Alpaugh Agricultural Grow (No. 1:12CR234 LJO)
In another Operation Mercury case, Antonio Becerra Sanchez, aka Antonio Iniguez Becerra, 49, of Morgan Hill, pleaded guilty to conspiring to cultivate, distribute, and possess with intent to distribute marijuana. According to court records, Becerra was found growing marijuana on a 20-acre parcel of agricultural land in the small farming community of Alpaugh in Tulare County. Law enforcement officers seized more than 4,000 marijuana plants from property owned and occupied by Saul Morales, 47, his wife, Juliana Garcia Torres, 53, and son Gerardo Alfonso Morales, 20, who are also charged but have entered pleas of not guilty to various marijuana trafficking crimes. The charges as to Morales, his wife and son are only allegations and the defendants are presumed innocent until and unless proven guilty beyond a reasonable doubt.
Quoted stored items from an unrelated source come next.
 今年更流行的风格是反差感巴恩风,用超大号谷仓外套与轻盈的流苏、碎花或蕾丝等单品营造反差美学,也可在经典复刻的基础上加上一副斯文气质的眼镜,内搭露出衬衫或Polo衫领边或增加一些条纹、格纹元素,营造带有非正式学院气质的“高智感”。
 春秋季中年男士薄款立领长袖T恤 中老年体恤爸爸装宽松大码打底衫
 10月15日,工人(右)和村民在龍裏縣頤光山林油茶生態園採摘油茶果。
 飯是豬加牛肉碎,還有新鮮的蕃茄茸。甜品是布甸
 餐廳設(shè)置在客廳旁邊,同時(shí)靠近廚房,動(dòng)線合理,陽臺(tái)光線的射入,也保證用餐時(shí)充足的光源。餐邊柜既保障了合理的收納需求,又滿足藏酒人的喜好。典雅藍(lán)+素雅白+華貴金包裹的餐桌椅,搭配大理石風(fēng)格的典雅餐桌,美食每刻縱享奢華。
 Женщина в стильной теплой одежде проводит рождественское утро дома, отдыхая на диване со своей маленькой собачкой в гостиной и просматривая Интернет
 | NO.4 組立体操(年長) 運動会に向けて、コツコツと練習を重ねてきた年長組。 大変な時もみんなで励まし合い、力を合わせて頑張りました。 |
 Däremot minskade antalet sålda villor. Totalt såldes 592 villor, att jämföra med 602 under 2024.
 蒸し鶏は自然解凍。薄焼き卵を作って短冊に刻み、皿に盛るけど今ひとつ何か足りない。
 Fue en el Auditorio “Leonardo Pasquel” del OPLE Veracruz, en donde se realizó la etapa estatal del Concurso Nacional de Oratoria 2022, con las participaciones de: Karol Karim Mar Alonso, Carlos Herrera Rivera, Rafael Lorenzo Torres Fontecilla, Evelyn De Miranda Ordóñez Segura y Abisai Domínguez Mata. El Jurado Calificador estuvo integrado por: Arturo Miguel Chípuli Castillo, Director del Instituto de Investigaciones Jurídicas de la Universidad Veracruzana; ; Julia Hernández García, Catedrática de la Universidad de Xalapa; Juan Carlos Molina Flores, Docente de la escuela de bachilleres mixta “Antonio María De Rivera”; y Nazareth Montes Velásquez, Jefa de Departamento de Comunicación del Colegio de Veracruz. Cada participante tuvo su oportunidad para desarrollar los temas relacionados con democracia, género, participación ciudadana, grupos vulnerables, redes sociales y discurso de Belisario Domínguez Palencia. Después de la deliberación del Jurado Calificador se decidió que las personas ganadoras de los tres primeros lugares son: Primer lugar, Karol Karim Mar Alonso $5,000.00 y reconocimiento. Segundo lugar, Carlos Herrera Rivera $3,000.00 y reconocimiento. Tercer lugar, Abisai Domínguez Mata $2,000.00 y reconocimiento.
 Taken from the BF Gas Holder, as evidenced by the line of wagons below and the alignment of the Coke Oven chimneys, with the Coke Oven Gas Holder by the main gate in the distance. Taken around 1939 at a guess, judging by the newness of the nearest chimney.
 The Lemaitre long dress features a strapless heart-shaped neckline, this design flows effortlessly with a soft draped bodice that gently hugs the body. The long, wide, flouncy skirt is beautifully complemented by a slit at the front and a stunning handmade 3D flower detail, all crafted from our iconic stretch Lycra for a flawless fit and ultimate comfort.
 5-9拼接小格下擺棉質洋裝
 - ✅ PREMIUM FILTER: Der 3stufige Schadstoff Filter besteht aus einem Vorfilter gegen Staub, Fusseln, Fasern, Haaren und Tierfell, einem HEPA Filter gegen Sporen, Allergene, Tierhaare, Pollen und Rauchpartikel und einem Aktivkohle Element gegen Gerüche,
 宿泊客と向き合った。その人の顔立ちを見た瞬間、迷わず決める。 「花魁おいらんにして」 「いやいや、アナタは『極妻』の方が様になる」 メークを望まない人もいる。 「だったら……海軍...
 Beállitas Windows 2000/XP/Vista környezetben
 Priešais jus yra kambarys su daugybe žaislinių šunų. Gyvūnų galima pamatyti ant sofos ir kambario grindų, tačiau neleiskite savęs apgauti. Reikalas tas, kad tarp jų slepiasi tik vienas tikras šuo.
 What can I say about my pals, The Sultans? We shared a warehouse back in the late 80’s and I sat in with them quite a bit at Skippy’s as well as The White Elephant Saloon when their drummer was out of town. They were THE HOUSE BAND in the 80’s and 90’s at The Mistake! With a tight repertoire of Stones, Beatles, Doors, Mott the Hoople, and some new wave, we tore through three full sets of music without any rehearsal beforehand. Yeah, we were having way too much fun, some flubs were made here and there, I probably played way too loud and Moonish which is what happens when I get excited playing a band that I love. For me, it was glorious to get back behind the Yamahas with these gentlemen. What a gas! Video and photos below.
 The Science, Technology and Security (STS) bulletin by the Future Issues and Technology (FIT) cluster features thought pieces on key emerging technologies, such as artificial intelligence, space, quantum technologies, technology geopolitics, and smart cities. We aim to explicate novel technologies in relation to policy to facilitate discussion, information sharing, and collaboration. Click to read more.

Becerra is scheduled for sentencing on July 8, 2013. He faces a mandatory minimum penalty of five years in prison and a maximum of 40 years in prison and a $5 million fine. The actual sentence, however, will be determined at the discretion of the court after consideration of any applicable statutory sentencing factors and the Federal Sentencing Guidelines. Upon completion of his prison sentence, Becerra is subject to deportation to Mexico.
This case is the product of an investigation by the DEA, HSI, Bureau of Alcohol, Tobacco, and Firearms (ATF), and Tulare County Sheriff’s Office.
Fresno County Agricultural Grow (No. 1:11CR357 AWI)
Shavane Bouasangouane, 44, of Fresno, pleaded guilty today to maintaining a marijuana cultivation operation on agricultural land on Armstrong Avenue in Fresno where he resided.
According to court documents, Bouasangouane was involved in the cultivation and processing of more than 800 pounds of marijuana that belonged to him and his brother, Reney Bouasangouane, 48, who is also charged in the case and has entered a plea of not guilty. Reney Bouasangouane is presumed innocent until and unless proven guilty beyond a reasonable doubt.
According to Shavane Bouasangouane’s plea agreement, the marijuana was purportedly for their own medical use. However, no rolling papers, smoking paraphernalia, or other items used to ingest marijuana were found in the residence. The property is owned by Somluck and Damrong Pattanumotana, a Fresno physician. Their son, Goon Pattanumotana, an economics professor at Willow International in Fresno, owns another property in Sanger, where law enforcement agents have found multiple large marijuana cultivation operations in the past. The Sanger and Armstrong properties are the subject of pending civil forfeiture actions initiated by the U.S. Attorney’s Office in Fresno and being handled by Assistant U.S. Attorneys Kevin Khasigian and Alyson Berg.
Bouasangouane is scheduled for sentencing on July 1, 2013. and faces a maximum prison term of 20 years and a fine of up to $500,000. The actual sentence, however, will be determined at the discretion of the court after consideration of any applicable statutory sentencing factors and the Federal Sentencing Guidelines.
This case is the product of an investigation by the DEA and Fresno County Sheriff’s Office.
Assistant U.S. Attorney Karen A. Escobar is prosecuting all of the criminal cases.